→ Input data:
╔══
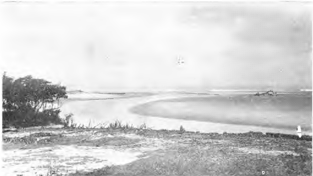
"... las playas se extienden por millas y millas, con sus blancas arenas acariciadas por las crestas espumosas de las olas..."

Pese a su aparente molición, San Carlos siente hondamente los problemas comunales y se esfuerza constantemente por avanzar por los caminos del progreso material y espiritual. La Escuela del lugar, que
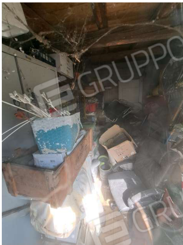
Figura 52- interno della tettoia lato Ovest
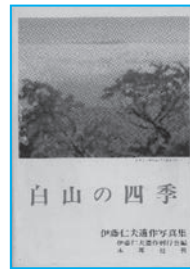
『白山の四季』 伊藤仁夫 著 木耳社 発行
╚══
→ Aim of the exercise: Only the pictures are to be left out; all other material is to be output exactly.

→ Completed task:
"... las playas se extienden por millas y millas, con sus blancas arenas acariciadas por las crestas espumosas de las olas..."

Pese a su aparente molición, San Carlos siente hondamente los problemas comunales y se esfuerza constantemente por avanzar por los caminos del progreso material y espiritual. La Escuela del lugar, que
Figura 52- interno della tettoia lato Ovest
『白山の四季』 伊藤仁夫 著 木耳社 発行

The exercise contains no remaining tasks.